• What needs to be done: Pictures stay out of the copy. Transcribe exactly the lines from the line with "Selling a cute" through the final line of the records.

[Data items]
▬▬▬▬▬▬▬▬▬▬

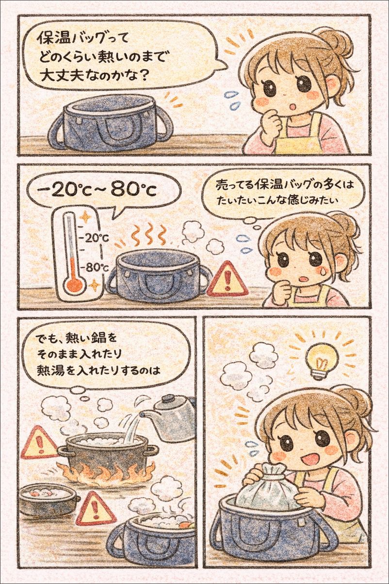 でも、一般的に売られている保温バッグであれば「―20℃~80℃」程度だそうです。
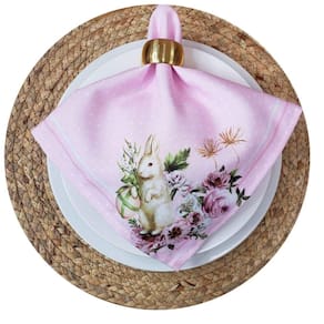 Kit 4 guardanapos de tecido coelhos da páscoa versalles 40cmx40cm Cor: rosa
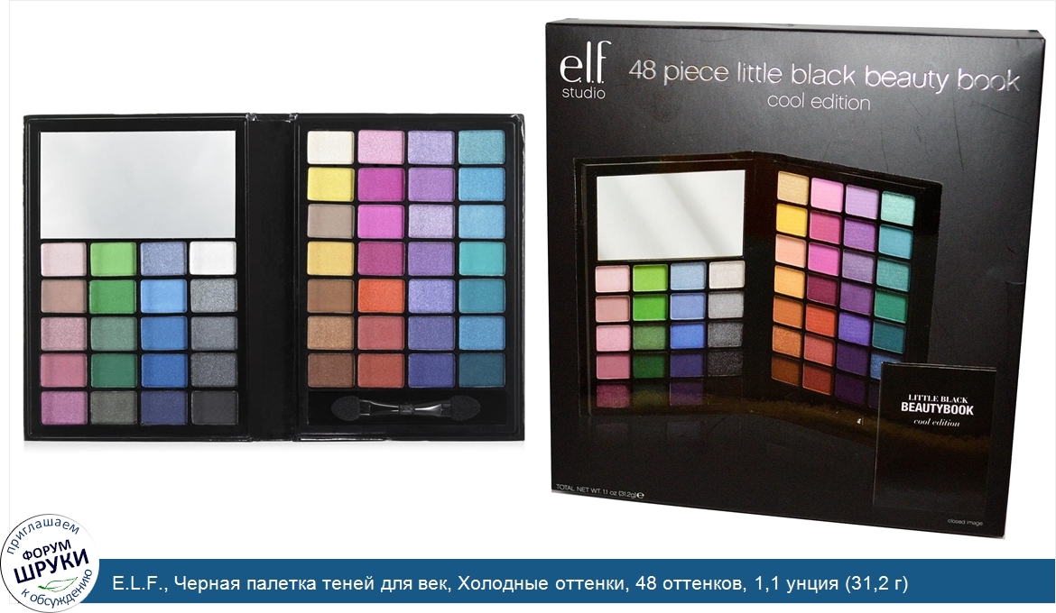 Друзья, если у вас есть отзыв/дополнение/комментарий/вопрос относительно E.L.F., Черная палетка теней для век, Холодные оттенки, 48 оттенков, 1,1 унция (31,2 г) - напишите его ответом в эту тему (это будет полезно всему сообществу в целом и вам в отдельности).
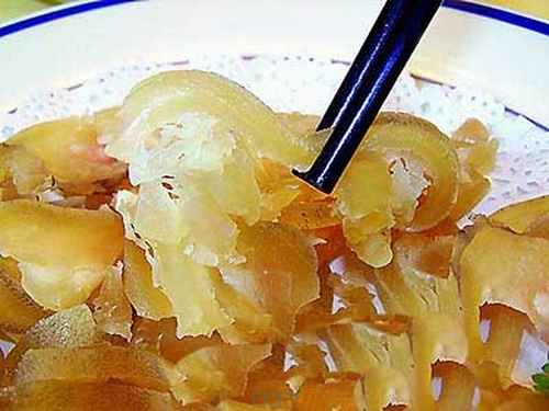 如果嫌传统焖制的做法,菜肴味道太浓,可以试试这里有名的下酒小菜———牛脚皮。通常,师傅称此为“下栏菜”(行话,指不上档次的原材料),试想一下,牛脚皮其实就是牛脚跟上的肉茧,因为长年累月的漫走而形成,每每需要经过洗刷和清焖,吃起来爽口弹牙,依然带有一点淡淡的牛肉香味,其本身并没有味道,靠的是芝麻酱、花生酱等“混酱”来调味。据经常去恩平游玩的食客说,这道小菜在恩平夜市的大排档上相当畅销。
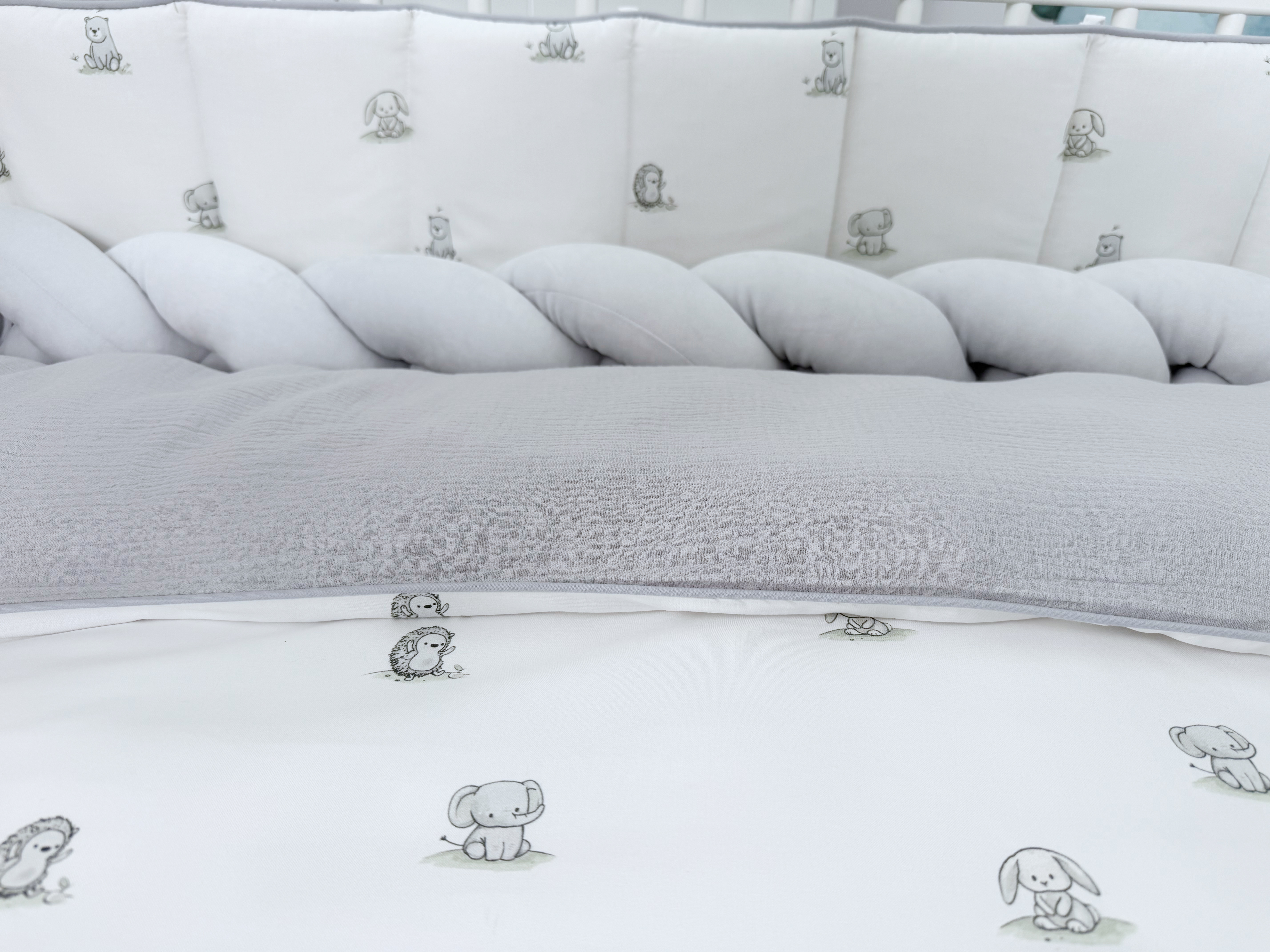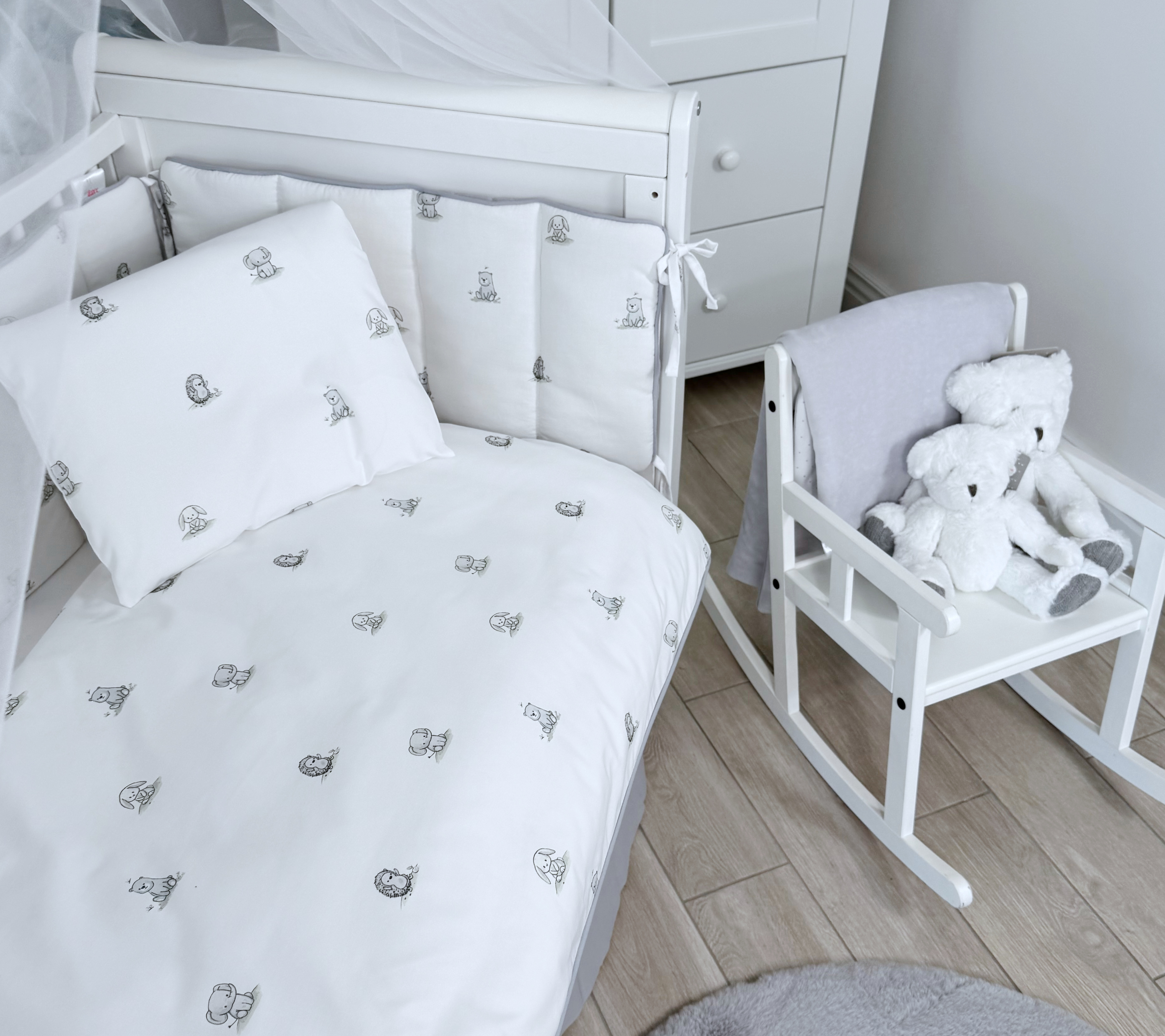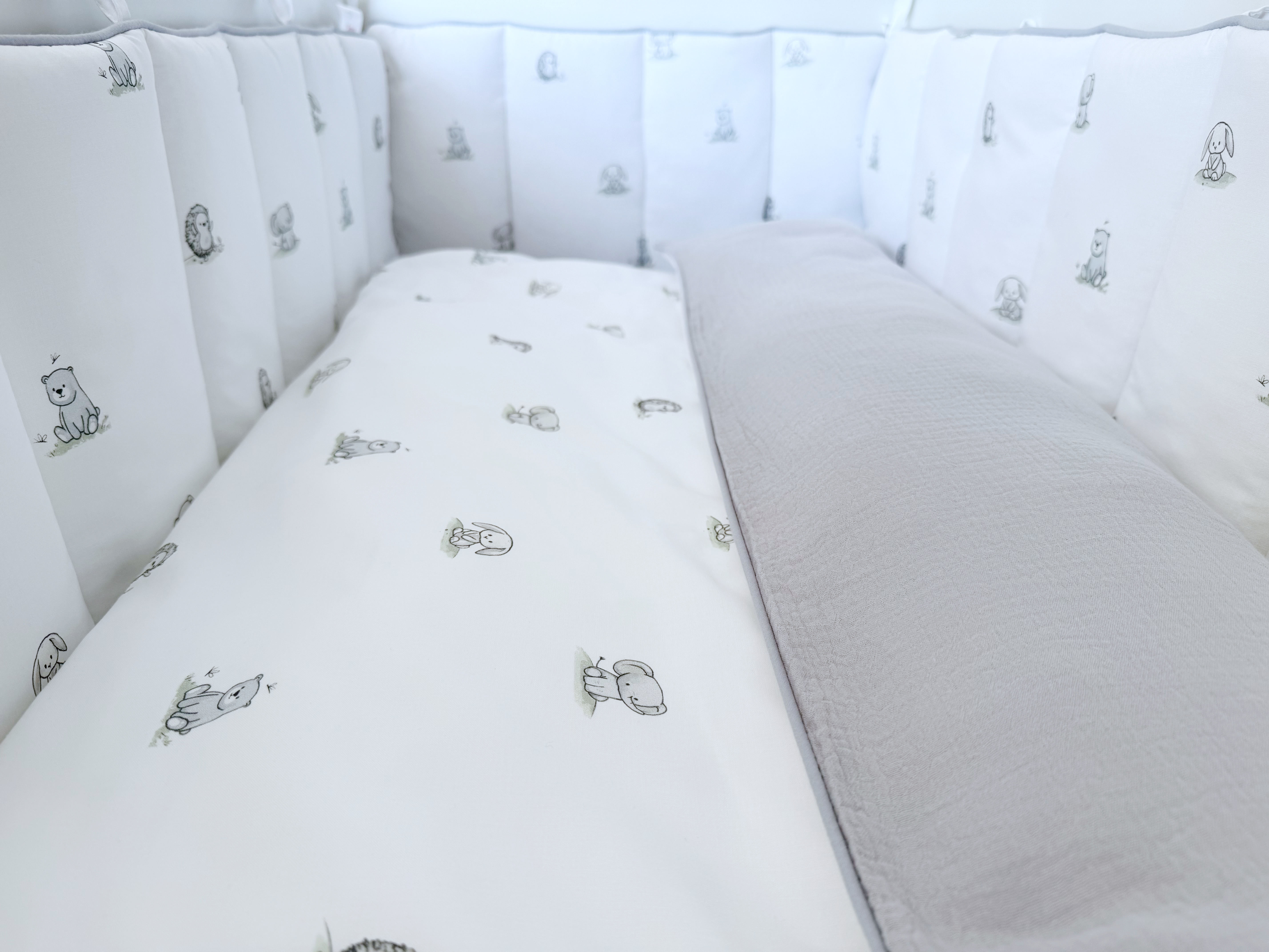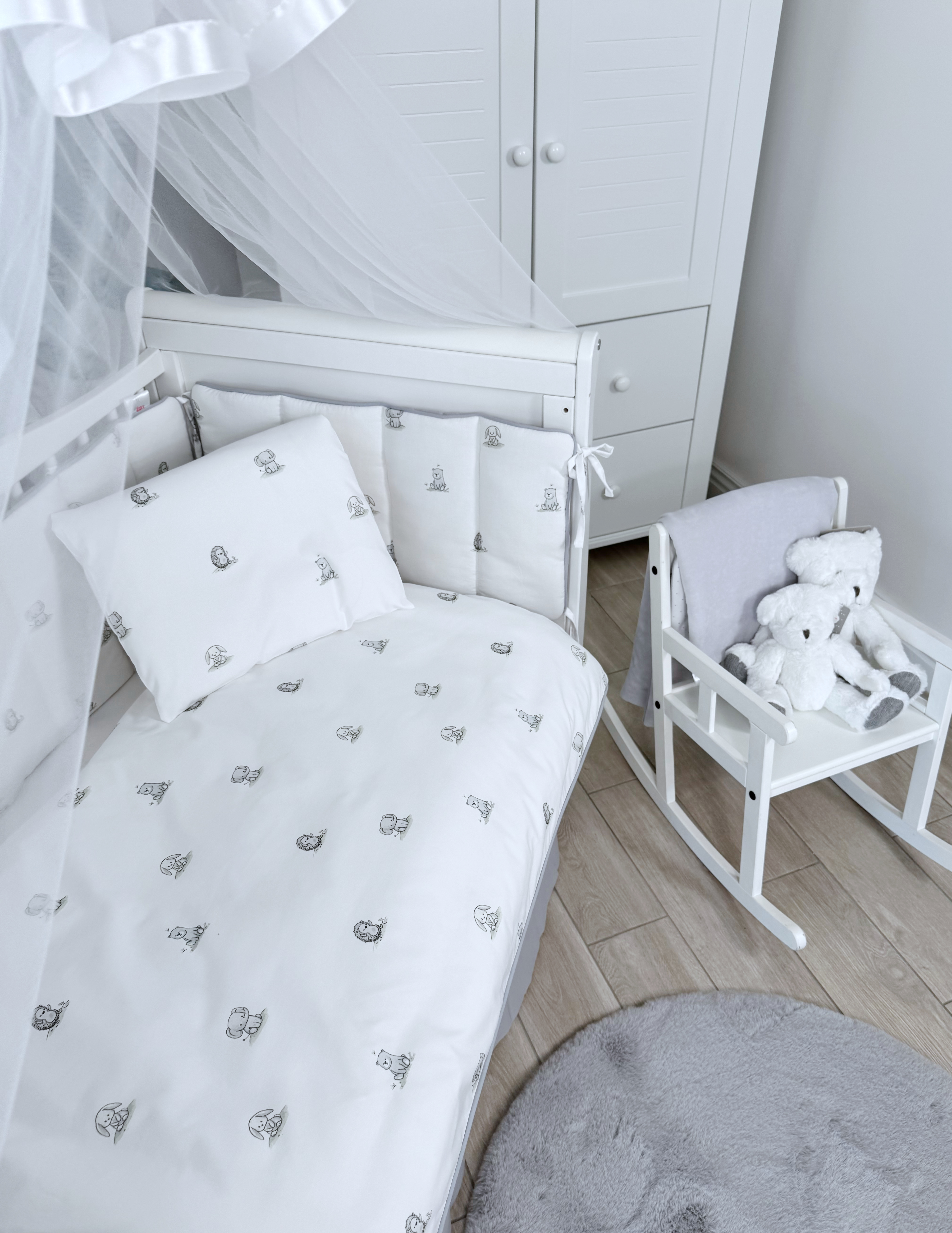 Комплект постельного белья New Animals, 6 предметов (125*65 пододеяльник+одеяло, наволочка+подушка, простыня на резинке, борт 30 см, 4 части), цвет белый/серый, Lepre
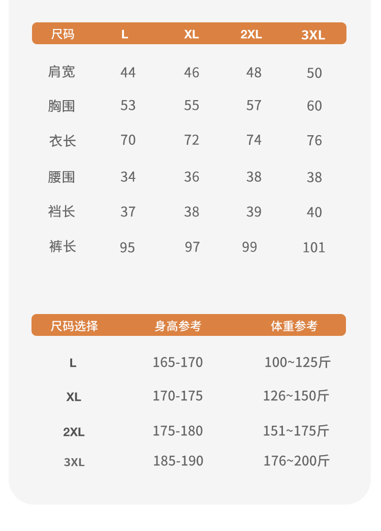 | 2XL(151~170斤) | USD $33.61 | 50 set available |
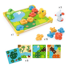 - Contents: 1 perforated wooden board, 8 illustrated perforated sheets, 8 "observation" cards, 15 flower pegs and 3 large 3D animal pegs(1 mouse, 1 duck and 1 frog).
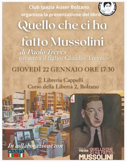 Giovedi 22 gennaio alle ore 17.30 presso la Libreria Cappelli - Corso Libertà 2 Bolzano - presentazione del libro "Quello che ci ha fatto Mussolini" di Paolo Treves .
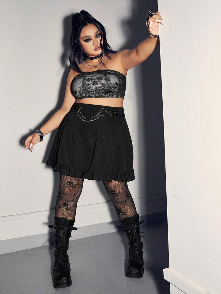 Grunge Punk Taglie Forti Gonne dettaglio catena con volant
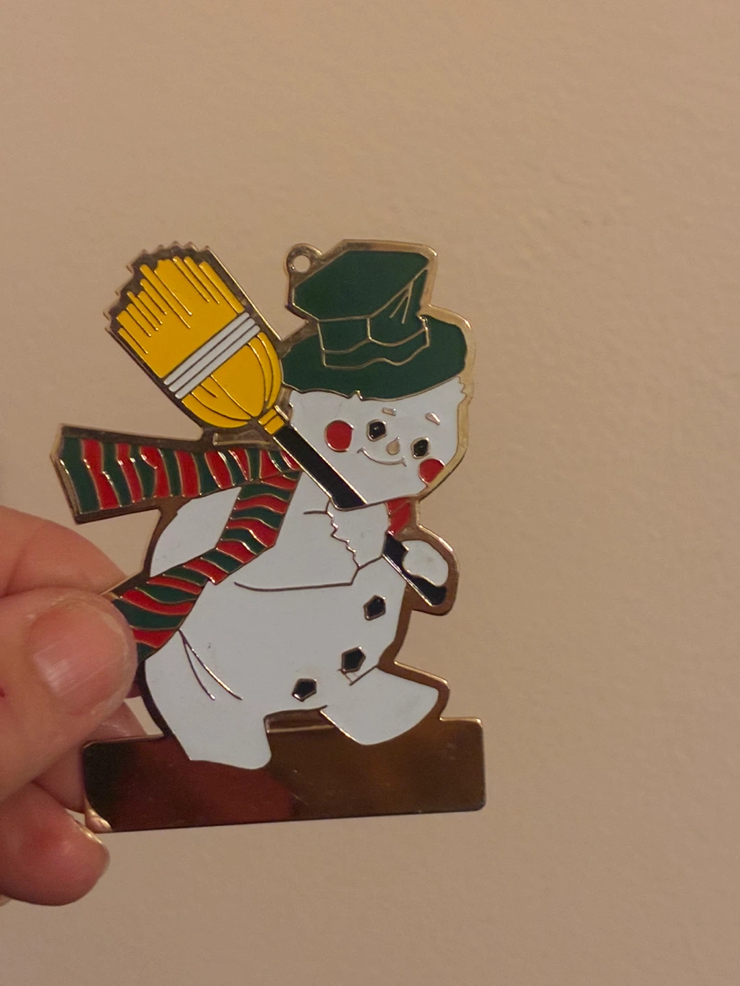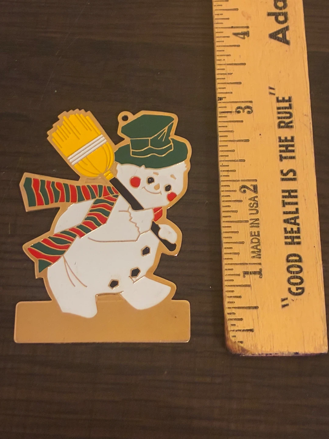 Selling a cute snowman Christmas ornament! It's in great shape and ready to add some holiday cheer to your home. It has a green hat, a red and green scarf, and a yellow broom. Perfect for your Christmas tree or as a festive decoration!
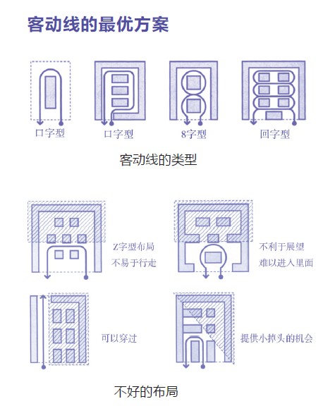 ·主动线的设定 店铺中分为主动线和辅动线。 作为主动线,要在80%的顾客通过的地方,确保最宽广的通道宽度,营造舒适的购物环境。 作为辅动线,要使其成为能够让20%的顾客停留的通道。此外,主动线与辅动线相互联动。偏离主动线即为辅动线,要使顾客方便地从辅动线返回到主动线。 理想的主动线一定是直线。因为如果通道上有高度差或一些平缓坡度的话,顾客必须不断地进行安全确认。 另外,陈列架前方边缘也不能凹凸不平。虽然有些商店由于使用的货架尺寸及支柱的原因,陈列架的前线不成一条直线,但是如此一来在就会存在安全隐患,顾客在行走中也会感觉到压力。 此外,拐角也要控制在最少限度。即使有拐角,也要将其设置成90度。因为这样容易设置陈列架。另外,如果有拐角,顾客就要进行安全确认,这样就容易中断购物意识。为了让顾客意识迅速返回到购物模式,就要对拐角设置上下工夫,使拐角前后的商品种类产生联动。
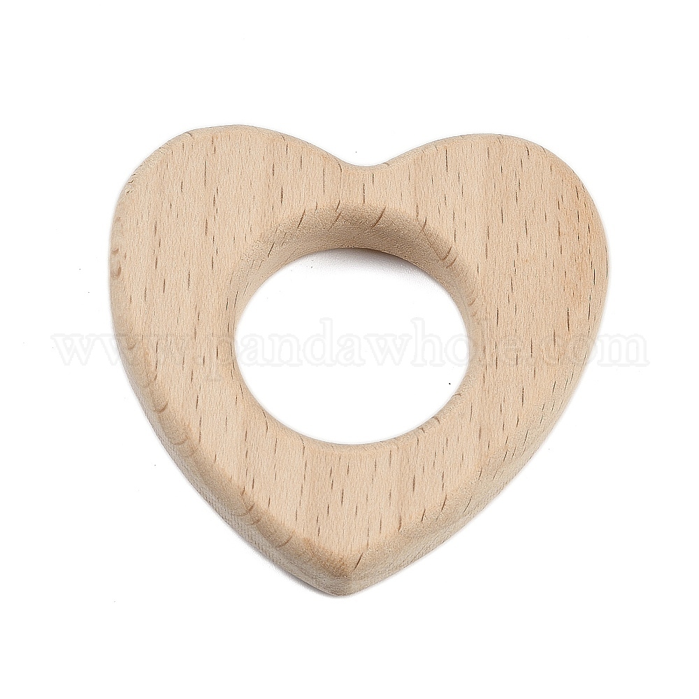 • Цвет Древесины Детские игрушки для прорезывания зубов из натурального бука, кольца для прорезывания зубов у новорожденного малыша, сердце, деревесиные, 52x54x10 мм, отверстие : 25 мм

▬▬▬▬▬▬▬▬▬▬

• Response to the exercise:
 Selling a cute snowman Christmas ornament! It's in great shape and ready to add some holiday cheer to your home. It has a green hat, a red and green scarf, and a yellow broom. Perfect for your Christmas tree or as a festive decoration!
 ·主动线的设定 店铺中分为主动线和辅动线。 作为主动线,要在80%的顾客通过的地方,确保最宽广的通道宽度,营造舒适的购物环境。 作为辅动线,要使其成为能够让20%的顾客停留的通道。此外,主动线与辅动线相互联动。偏离主动线即为辅动线,要使顾客方便地从辅动线返回到主动线。 理想的主动线一定是直线。因为如果通道上有高度差或一些平缓坡度的话,顾客必须不断地进行安全确认。 另外,陈列架前方边缘也不能凹凸不平。虽然有些商店由于使用的货架尺寸及支柱的原因,陈列架的前线不成一条直线,但是如此一来在就会存在安全隐患,顾客在行走中也会感觉到压力。 此外,拐角也要控制在最少限度。即使有拐角,也要将其设置成90度。因为这样容易设置陈列架。另外,如果有拐角,顾客就要进行安全确认,这样就容易中断购物意识。为了让顾客意识迅速返回到购物模式,就要对拐角设置上下工夫,使拐角前后的商品种类产生联动。
 • Цвет Древесины Детские игрушки для прорезывания зубов из натурального бука, кольца для прорезывания зубов у новорожденного малыша, сердце, деревесиные, 52x54x10 мм, отверстие : 25 мм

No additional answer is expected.